Nicotine’s pharmacokinetic properties also enhance its abuse potential. Cigarette smoking produces a rapid distribution of nicotine to the brain, with drug levels peaking within 10 seconds of inhalation. However, the acute effects of nicotine dissipate quickly, as do the associated feelings of reward, which causes the smoker to continue dosing to maintain the drug’s pleasurable effects and prevent withdrawal.
Nicotine withdrawal symptoms include irritability, craving, depression, anxiety, cognitive and attention deficits, sleep disturbances, and increased appetite. These symptoms may begin within a few hours after the last cigarette, quickly driving people back to tobacco use. Symptoms peak within the first few days of smoking cessation and usually subside within a few weeks. For some people, however, symptoms may persist for months.

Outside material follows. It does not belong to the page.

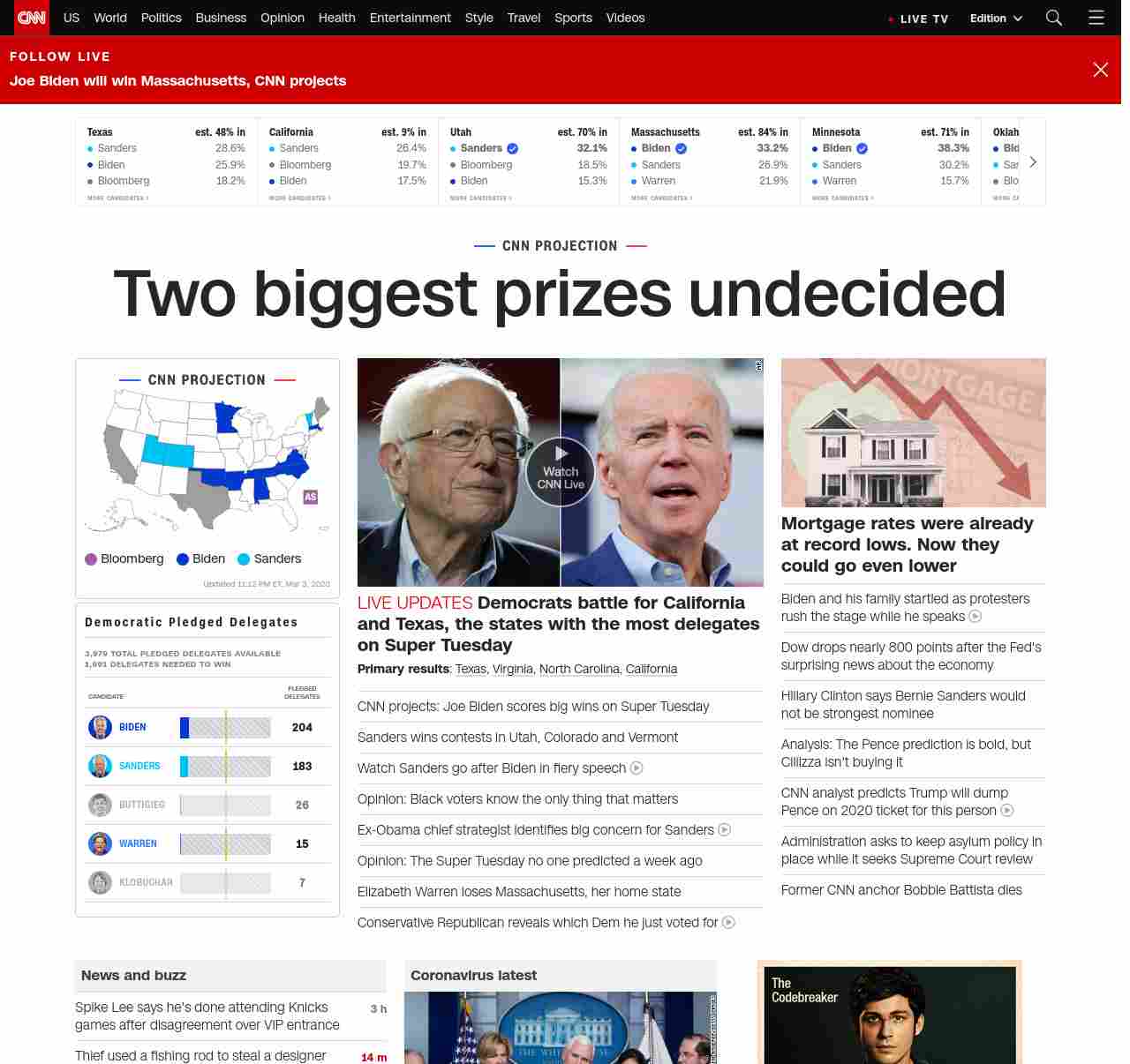 || banner-text–natural”> Two biggest prizes undecided ||” , title: “CNN – Breaking News, Latest News and Videos” , siblings: {“articleList”:[{“uri”:”/politics/live-news/super-tuesday-results-2020/index.html”,”headline”:”u003cstrong>Democrats battle for California and Texas, the states with the most delegates on Super Tuesday u003c/strong>”,”thumbnail”:”//cdn.cnn.com/cnnnext/dam/assets/200303173819-02-sanders-biden-split-small-11.jpg”,”duration”:””,”description”:”u003cstrong>Primary resultsu003c/strong>: u003ca href=”http://www.cnn.com/2020/03/03/politics/texas-primary-results-live/index.html” target=”_blank”>Texasu003c/a>, u003ca href=”http://www.cnn.com/2020/03/03/politics/virginia-primary-results-live/index.html” target=”_blank”>Virginiau003c/a>, u003ca href=”https://www.cnn.com/2020/03/03/politics/north-carolina-primary-results-live/index.html” target=”_blank”>North Carolinau003c/a>, u003ca href=”http://www.cnn.com/2020/03/03/politics/california-primary-results-live/index.html” target=”_blank”>Californiau003c/a>”,”layout”:””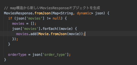 - MoviesResponse.fromJsonはモデル(Model)が持っている関数で、MapからMoviesResponse型に変換する関数です。

Although withdrawal is related to the pharmacological effects of nicotine, many behavioral factors can also affect the severity of withdrawal symptoms. For some people, the feel, smell, and sight of a cigarette and the ritual of obtaining, handling, lighting, and smoking the cigarette are all associated with the pleasurable effects of smoking and can make withdrawal or craving worse. Nicotine replacement therapies such as gum, patches, and inhalers may help alleviate the pharmacological aspects of withdrawal; however, cravings often persist. Behavioral therapies can help smokers identify environmental triggers of craving so they can employ strategies to prevent or circumvent these symptoms and urges.

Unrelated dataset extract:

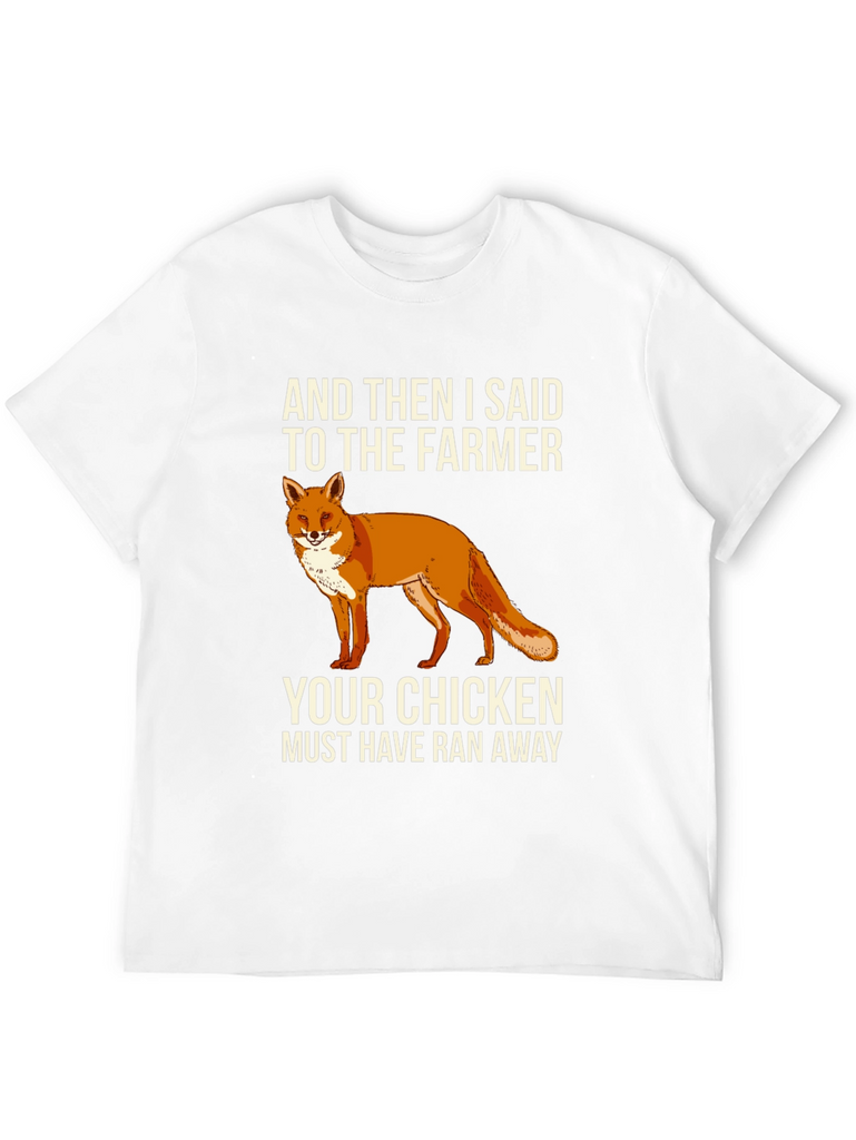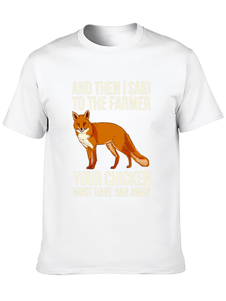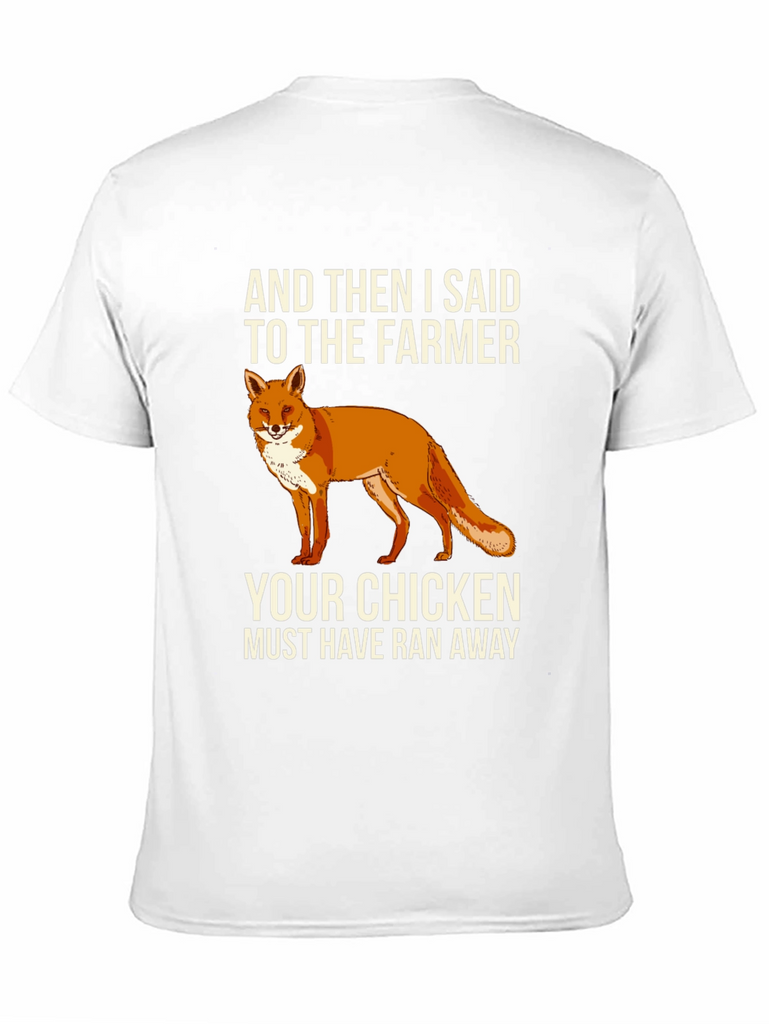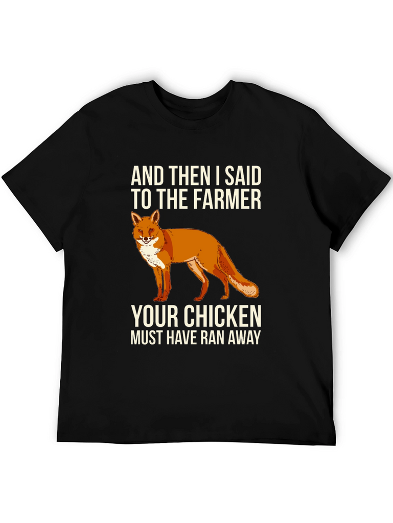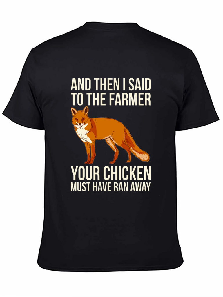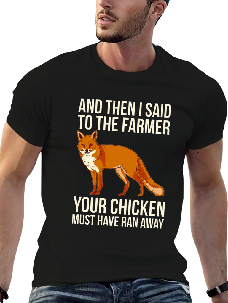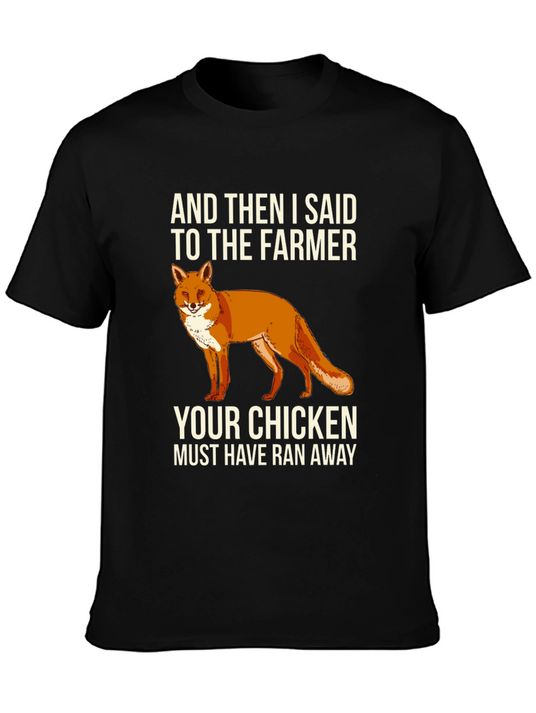 This black t-shirt features a humorous graphic design. Centered on the chest, there's a vibrant illustration of a fox, accompanied by the witty text "AND THEN I SAID TO THE FARMER YOUR CHICKEN MUST HAVE RAN AWAY." The shirt appears to be made from a soft, comfortable cotton blend. It's a casual and stylish choice for everyday wear, making it a great conversation starter and a fun addition to any wardrobe. Ideal for casual outings, humorous occasions, or anyone who appreciates clever designs and loves a touch of wit.

Yes, research is showing that nicotine may not be the only ingredient in tobacco that affects its addictive potential. Using advanced neuroimaging technology, scientists can see the dramatic effect of cigarette smoking on the brain and are finding a marked decrease in the levels of monoamine oxidase (MAO), an important enzyme that is responsible for the breakdown of dopamine. This change is likely caused by some ingredient in tobacco smoke other than nicotine, because we know that nicotine itself does not dramatically alter MAO levels. The decrease in two forms of MAO (A and B) results in higher dopamine levels and may be another reason that smokers continue to smoke—to sustain the high dopamine levels that lead to the desire for repeated drug use.
Animal studies by NIDA-funded researchers have shown that acetaldehyde, another chemical found in tobacco smoke, dramatically increases the reinforcing properties of nicotine and may also contribute to tobacco addiction. The investigators further report that this effect is age-related: adolescent animals display far more sensitivity to this reinforcing effect, which suggests that the brains of adolescents may be more vulnerable to tobacco addiction.